Multiple Features

Introduction
Vectorization
- Why Vectorization?
- Vectorized Cost Function
Feature Scaling

Introduction

In real-world scenarios, a single feature is often not enough to make accurate predictions. For example, if we want to predict the price of a house, using only its size (square meters) might not be sufficient. Other factors such as the number of bedrooms, location, and age of the house also play an important role.

When we have multiple features, our hypothesis function extends to:

$h_{θ} (x) = θ_{0} + θ_{1} x_{1} + θ_{2} x_{2} + ... + θ_{n} x_{n}$

where:

$x_{1}, x_{2}, ..., x_{n}$ are the input features,
$θ_{0}, θ_{1}, ..., θ_{n}$ are the parameters (weights) we need to learn.

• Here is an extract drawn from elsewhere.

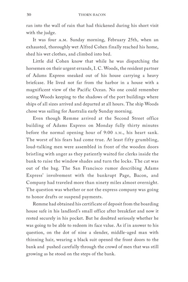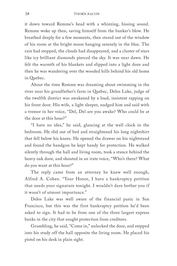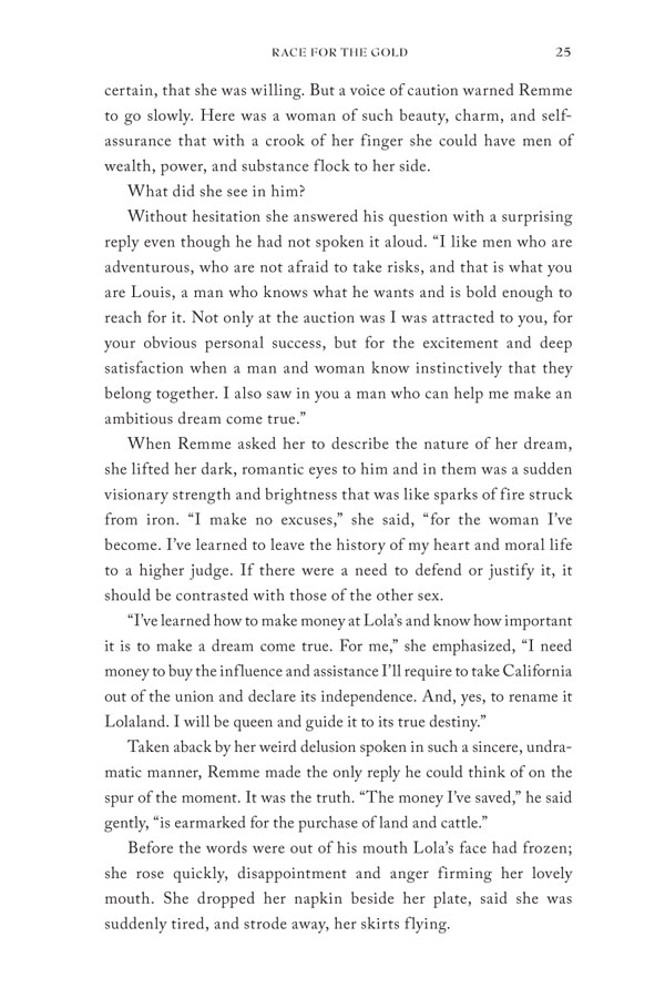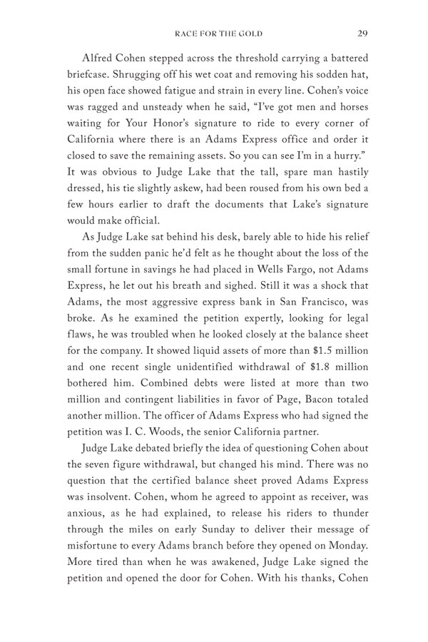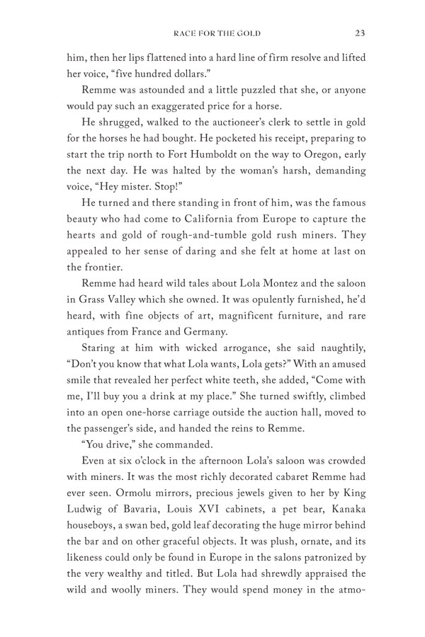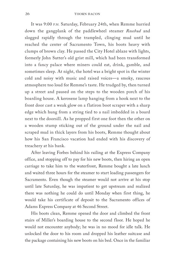 Race for the Gold is a novel based on the true story of Louis Remme, a French Canadian cattle trader living in Oregon. In February of 1855 Remme was a relatively rich man, having deposited $12,500 in gold from the sale of his latest herd into the San Francisco branch of the Adams Express Company Bank. The future seemed bright, until a series of bank collapses cascaded and wiped out the Adams Express, and with it all the money Remme had in the world. But fate dealt Remme one last chance to save his fortune: with no telegraph to warn them, the only way for news to reach the Oregon branch of Adams Express so that they would not hand out any more money to depositors was by steamboat. Will Remme, on horseback, get there before the ship and save his fortune?

For instance, in a house price prediction model, the hypothesis function could be:

$h_{θ} (x) = θ_{0} + θ_{1} (Size) + θ_{2} (Number of Bedrooms) + θ_{3} (Age of House)$

This allows our model to consider multiple factors, improving its accuracy compared to using a single feature.

Vectorization

To optimize computations, we represent our hypothesis function using matrix notation:

where:

$X$ is the matrix containing training examples

$θ$ is the parameter vector

This allows efficient computation using matrix operations instead of looping over individual training examples.

Why Vectorization?

Vectorization is the process of converting operations that use loops into matrix operations. This improves computational efficiency, especially when working with large datasets. Instead of computing predictions one by one using a loop, we leverage linear algebra to perform all calculations simultaneously.

Without vectorization (using a loop):

m = len(X)  # Number of training examples
h = []
for i in range(m):
    prediction = theta_0 + theta_1 * X[i, 1] + theta_2 * X[i, 2] + ... + theta_n * X[i, n]
    h.append(prediction)

With vectorization:

h = np.dot(X, theta)  # Compute all predictions at once

This method is significantly faster because it takes advantage of optimized numerical libraries like NumPy that execute matrix operations efficiently.

Vectorized Cost Function

Similarly, our cost function for multiple features is:

$J (θ) = \frac{1}{2 m} \sum (h_{θ} (x^{(i)}) - y^{(i)})^{2}$

Using matrices, this can be written as:

$J (θ) = \frac{1}{2 m} (Xθ - y)^{T} (Xθ - y)$

And implemented in Python as:

def compute_cost(X, y, theta):
    m = len(y)  # Number of training examples
    error = np.dot(X, theta) - y  # Compute (Xθ - y)
    cost = (1 / (2 * m)) * np.dot(error.T, error)  # Compute cost function
    return cost

By using vectorized operations, we achieve a significant performance boost compared to using explicit loops.

Feature Scaling

When working with multiple features, the range of values across different features can vary significantly. This can negatively affect the performance of gradient descent, causing slow convergence or inefficient updates. Feature scaling is a technique used to normalize or standardize features to bring them to a similar scale, improving the efficiency of gradient descent.

Why Feature Scaling is Important

Features with large values can dominate the cost function, leading to inefficient updates.
Gradient descent converges faster when features are on a similar scale.
Helps prevent numerical instability when computing gradients.

Methods of Feature Scaling

1. Min-Max Scaling (Normalization)

Brings all feature values into a fixed range, typically between 0 and 1:

$x_{sc a l e d}^{(i)} = \frac{x ^{(i)} - x _{min}}{x _{ma x} - x _{min}}$

Best for cases where the distribution of data is not Gaussian.
Sensitive to outliers, as extreme values affect the range.

2. Standardization (Z-Score Normalization)

Centers data around zero with unit variance:

$x_{sc a l e d}^{(i)} = \frac{x ^{(i)} - μ}{σ}$

where:

$μ$ is the mean of the feature values
$σ$ is the standard deviation
Works well when features follow a normal distribution.
Less sensitive to outliers compared to min-max scaling.

Example

Consider a dataset with two features: House Size (m²) and Number of Bedrooms.

House Size (m²)	Bedrooms
2100	3
1600	2
2500	4
1800	3

Using min-max scaling:

House Size (scaled)	Bedrooms (scaled)
0.714	0.5
0.0	0.0
1.0	1.0
0.286	0.5

Feature Scaling in Gradient Descent

After scaling, gradient descent updates will be more balanced across different features, leading to faster and more stable convergence. Feature scaling is a critical preprocessing step in machine learning models involving optimization algorithms like gradient descent.